Records to process:
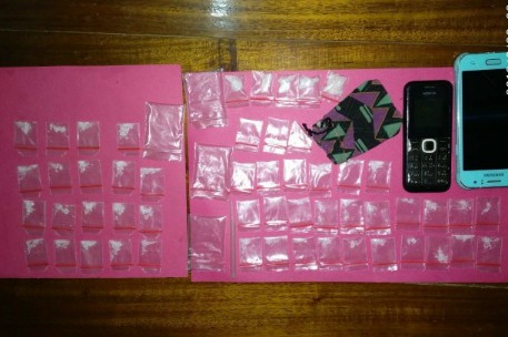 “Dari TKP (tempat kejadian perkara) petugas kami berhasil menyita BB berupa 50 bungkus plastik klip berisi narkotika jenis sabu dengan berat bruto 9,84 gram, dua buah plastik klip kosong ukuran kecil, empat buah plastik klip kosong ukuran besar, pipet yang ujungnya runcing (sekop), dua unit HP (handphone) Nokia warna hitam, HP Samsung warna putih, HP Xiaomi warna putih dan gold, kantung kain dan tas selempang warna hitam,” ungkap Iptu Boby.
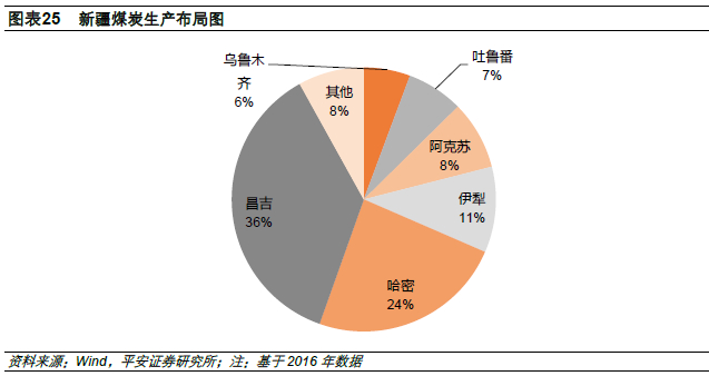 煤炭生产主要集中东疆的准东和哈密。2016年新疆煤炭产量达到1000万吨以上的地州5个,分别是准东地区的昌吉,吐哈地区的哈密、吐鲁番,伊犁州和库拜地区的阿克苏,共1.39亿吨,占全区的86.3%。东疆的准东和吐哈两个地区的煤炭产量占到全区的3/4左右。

==

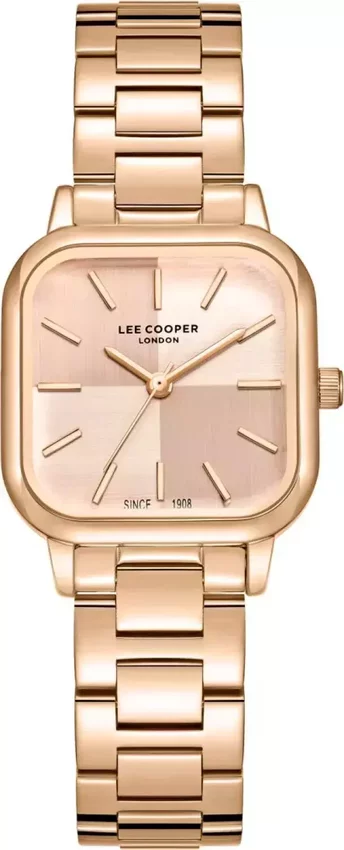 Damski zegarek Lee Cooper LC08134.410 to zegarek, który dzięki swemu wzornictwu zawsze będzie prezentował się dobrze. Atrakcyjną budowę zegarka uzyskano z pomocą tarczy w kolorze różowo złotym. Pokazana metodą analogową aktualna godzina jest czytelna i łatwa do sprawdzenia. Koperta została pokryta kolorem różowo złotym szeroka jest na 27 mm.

...

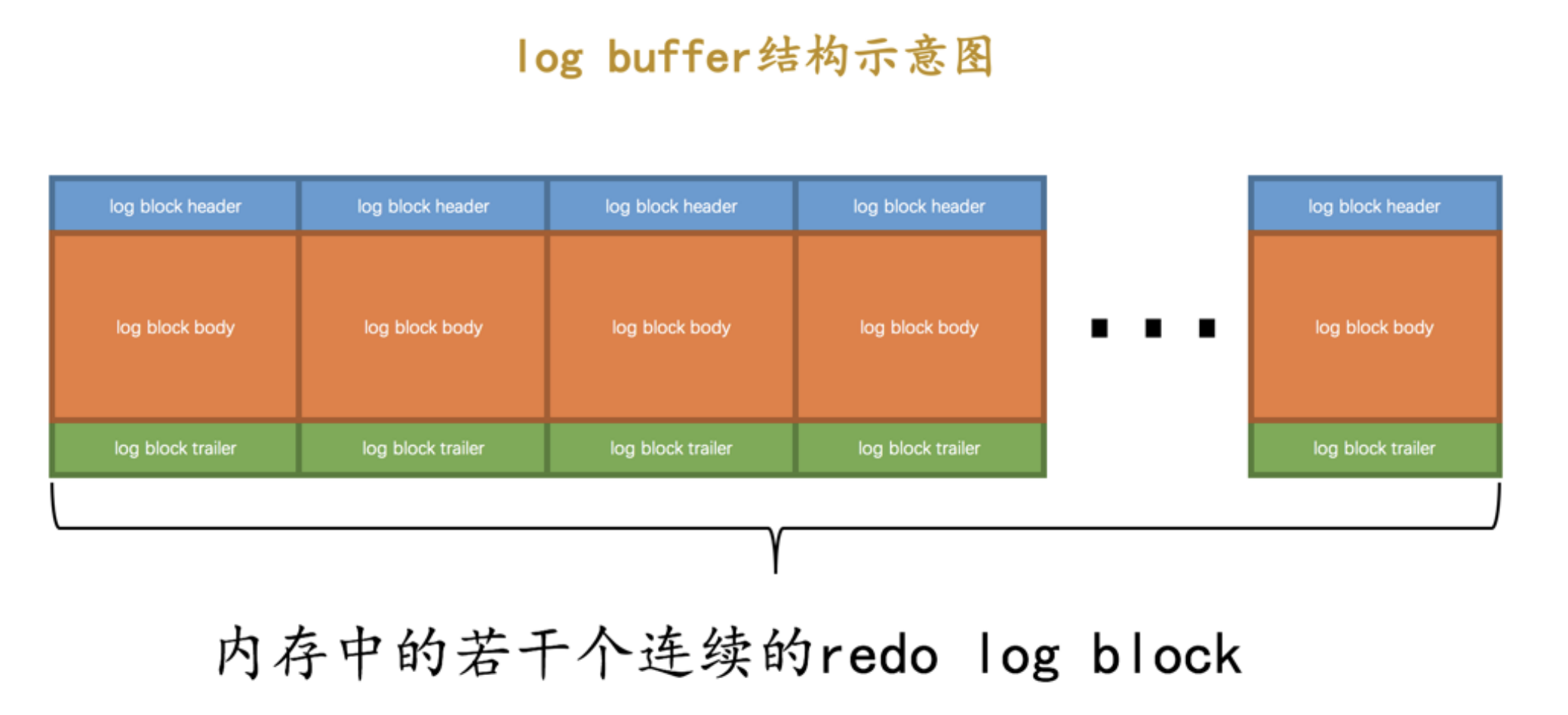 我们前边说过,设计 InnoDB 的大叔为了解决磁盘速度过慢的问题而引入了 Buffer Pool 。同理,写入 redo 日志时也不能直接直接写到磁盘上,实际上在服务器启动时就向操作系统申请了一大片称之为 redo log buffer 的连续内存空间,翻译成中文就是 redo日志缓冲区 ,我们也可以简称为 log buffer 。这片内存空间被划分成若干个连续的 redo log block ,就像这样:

Task brief:
In the data above, retype only the stretch from the line with "ungkap Iptu Boby." through the line with "煤炭生产主要集中东疆的准东和", word for word, and skip any pictures.

Exercise response:
 “Dari TKP (tempat kejadian perkara) petugas kami berhasil menyita BB berupa 50 bungkus plastik klip berisi narkotika jenis sabu dengan berat bruto 9,84 gram, dua buah plastik klip kosong ukuran kecil, empat buah plastik klip kosong ukuran besar, pipet yang ujungnya runcing (sekop), dua unit HP (handphone) Nokia warna hitam, HP Samsung warna putih, HP Xiaomi warna putih dan gold, kantung kain dan tas selempang warna hitam,” ungkap Iptu Boby.
 煤炭生产主要集中东疆的准东和哈密。2016年新疆煤炭产量达到1000万吨以上的地州5个,分别是准东地区的昌吉,吐哈地区的哈密、吐鲁番,伊犁州和库拜地区的阿克苏,共1.39亿吨,占全区的86.3%。东疆的准东和吐哈两个地区的煤炭产量占到全区的3/4左右。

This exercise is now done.